By that logic we should not be using televisions, digital electronics, new cultivars developed after the 1920s (and most developed prior, as though they are over 100 years old, very few specific cultivars had been in production for 100+ years), any antibiotics, the polio vaccine, any of the procedures and drugs associated with modern medicine, etc.
Scientists don't make conclusions based on lack of evidence. We need proof they're not harmful to us and the environment. We don't have that proof.
You cannot prove a negative. What you can prove (and what already has been proven) is that all of the GMO crops are safer than peanuts, penicillin, and organic bean sprouts and spinach, and cell phones (GMOs 0 deaths with 100s of millions of exposures over nearly 20 years, the others many thousands of deaths between them due to anaphylactic shock, e. coli, driving-while-texting, etc)
I am not arguing that there is no risk with GMO technology. What I am saying, however, that the rational approach is to formulate scientific hypotheses regarding risks such that those hypotheses can be tested via either examining existing data or conducting experiements that quantify the risk such that it is possible to determine whether those risks are acceptable based on our best current knowledge.
The "poison" genes you're referencing (e.g., Bt11) are currently based on proteins that are produced by soil bacteria, bacteria naturally found in milk, and other things that humans have been consuming for centuries and that are in many cases applied to organic crops as well. They have also been tested according to both USDA and EPA regulatory standards (in the US, pest control GM traits are regulated by both agencies whereas herbicide tolerance traits are only regulated by the USDA). At this point it is not a question of whether or not they have been tested, but whether they have been tested to a sufficient degree. My personal opinion is that given that they have been tested (both scientifically in controlled experiments and by default through market exposure) far more thoroughly than anything else I consume short of pharmaceuticals, I am OK with them. Beyond my personal comfort level I would challenge anyone to come up with a scientifically defendable justification to require greater testing that would not logically require much greater testing of non-GM foods as well.

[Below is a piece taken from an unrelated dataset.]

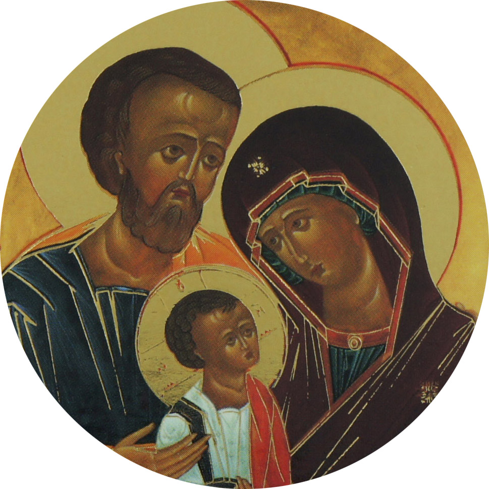 Tavola icona raffigurante la Sacra Famiglia. Questa immagine è una stampa su tavolo in legno a forma di cuspide.
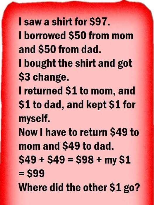 Now, the puzzle says $49 + $49 = $98, and then adds that $1 you kept, bringing the total to $99. Hold up! You’re wondering: where’s that last dollar?

The problem is not that there is a lack of "clear thinking" regarding GMOs. The problem is that the ratio of rational thought to irrational thought is unfortunately very small, and the ratio of rational communication vs. irrational communication regarding the issue is even worse. These difficulties are also compounded by the unfortunate fact that many people conflate GMOs with IP laws, religious beliefs, personal philosophy, etc.
It is the wholesale rejection of an entire body of science and technology on non-scientific bases that will affect both Europe's ability to contribute to scientific progress in those areas and its ability to produce its own food.
In other words you have confused the direction of the cause and effect relationship between scientific progress and food production in this case.